I have a quite newbie question : assume that I have two devices communication via Ethernet (TCP/IP) at 100Mbps. In one side, I will be feeding the device with data to transmit. At the other side, I will be consuming the received data. I have the ability to choose the adequate buffer size of both devices.
And now my question is : If data consumption rate from the second device, is slower than data feeding rate at the first one, what will happen then?
I found some, talking about overrun counter.
Is there anything in the ethernet communication indicating that a device is momently busy and can't receive new packets? so I can pause the transmission from the receiver device.
Can some one provide me with a document or documents that explain this issue in detail because I didn't find any.
Thank you by advance
Ethernet protocol runs on MAC controller chip. MAC has two separate RX-ring (for ingress packets) and TX-ring(for egress packets), this means its a full-duplex in nature. RX/TX-rings also have on-chip FIFO but the rings hold PDUs in host memory buffers. I have covered little bit of functionality in one of the related post
Now, congestion can happen but again RX and TX are two different paths and will be due to following conditions
Queue/de-queue of rx-buffers/tx-buffers is NOT fast compared to line rate. This happens when CPU is busy and not honer the interrupts fast enough.
Host memory is slower (ex: DRAM and not SRAM), or not enough memory(due to memory leak)
Intermediate processing of the buffers taking too long.
Now, about the peer device: Back-pressure can be taken care in the a standalone system and when that happens, we usually tail drop the packets. This is agnostics to the peer device, if peer device is slow its that device's problem.
Definition of overrun is: Number of times the receiver hardware was unable to handle received data to a hardware buffer because the input rate exceeded the receiver’s ability to handle the data.
I recommend pick any MAC controller's data-sheet (ex: Intel's ethernet Controller) and you will get all your questions covered. Or if you get to see device-driver for any MAC controller.
TCP/IP is upper layer stack sits inside kernel(this can be in user plane as well), whereas ARPA protocol (ethernet) is inside MAC controller hardware. If you understand this you will understand the difference between router and switches (where there is no TCP/IP stack).
Is there a maximum in specifications,do they start to interfer if many try to connect at the same time?
what are the modes of communication is there a secured mode or something else ?
Maximum packet size ?
can I send an image or a sound using ble ?
There is no limit in the specification. In reality at least around a millisecond must be allocated to serve each connection event. So if you use a 7.5 ms connection interval you could not expect more than at maximum 10 connections without getting dropped packets (and therefore larger latency). Connection setup/scanning will also miss a large amount of packets if the radio is busy handling current connections.
The maximum packet length is 31 bytes for advertisements (up to Bluetooth 4.2). While connected the longest packet length is 27 bytes. Bluetooth 4.2 defines a packet length extension allowing larger packets but far from all implementations support that.
The security that BLE offers is the bonding procedure.

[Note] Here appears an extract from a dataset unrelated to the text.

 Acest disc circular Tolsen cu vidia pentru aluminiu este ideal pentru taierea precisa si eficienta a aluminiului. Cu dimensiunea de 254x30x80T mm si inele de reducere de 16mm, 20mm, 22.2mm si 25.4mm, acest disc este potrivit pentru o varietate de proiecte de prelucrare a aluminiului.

After bonding the devices have established a shared secret key which is then used to encrypt and sign all data being sent.
Sending normal-sized images or sounds will take several seconds since the throughput is quite low.

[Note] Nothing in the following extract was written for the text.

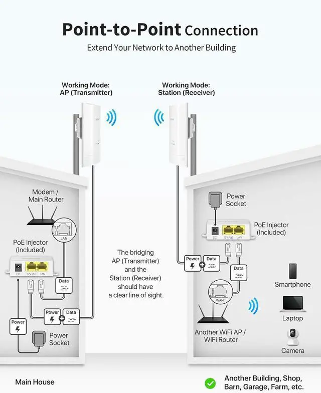 Plug-and-Play: The WiFi bridge comes pre-paired for a hassle-free setup. Simply power the AP and Station in the same room for automatic pairing in minutes. Supports both wall and pole-mounted installations for flexible deployment

I think you should really read the Bluetooth specification or some summary to get the answer to your questions.
I'm trying to use a WiPy board as a BLE scanner and we're detecting some extrange behaviours on radius Network Dot beacons.
We are trying with several beacon manufacturers, all emiting as iBeacon with an advertising interval of 100ms (10 per second). In the board we detected every second at least 4-5 advertising packets of this beacons, but most of the times 0 or 1 of the radius beacon dot.

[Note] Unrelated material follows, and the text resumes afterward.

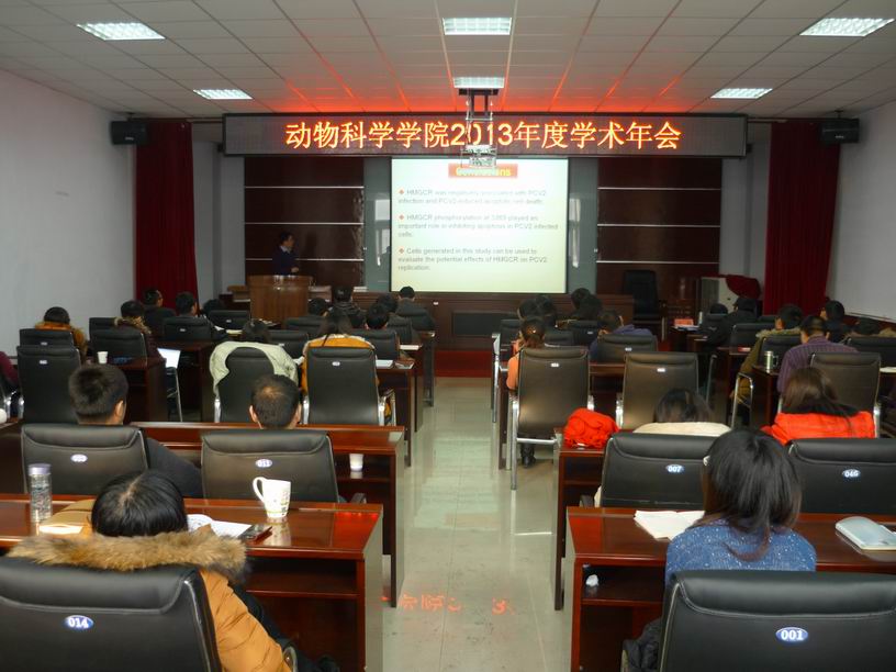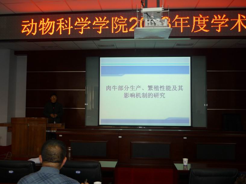 本届年会由教授论坛和青年教师(研究生)学术报告两部分内容组成。张嘉保、赵志辉、欧阳红生、任文陟、张明军、周虚、牛淑玲、逄大欣和艾永兴等9名教授在教授论坛上分别做了专题研讨报告。任林柱、黄永业等14名青年教师和博、硕士研究生在青年教师及研究生的学术报告会上分别代表各自课题组和研究方向做了年会报告,张永宏老师向公司师生汇报了11月份参加全国畜牧学博士生学术论坛的情况和体会。

We've tried with both altBeacon or iBeacon configuration and the results are similar.
This is a screenshot of the configuration with the RadBeacon app:
Are we configuring something wrong or are the beacons having an unexpected behaviour?
Not 100% of advertising packets send out by a Bluetooth LE device will be detected by receiving devices. The actual percentage received depends on a number of factors including:
Transmitter power level
Distance between the two devices
Radio noise in the area
Bluetooth radio congestion
Antennas on both transmitter and receiver
Orientation of antennas
Under good conditions (close range, high transmitter power), I typically see 80-90% of packets get detected by Android and iOS devices which allow you to easily count individual BLE packets.
Since your detection rate is much lower, you may want to try a number of things:
Increase your transmitter power level from -18 dBm to 3 dBm. Having the weakest power output configured is the most likely cause of your issue.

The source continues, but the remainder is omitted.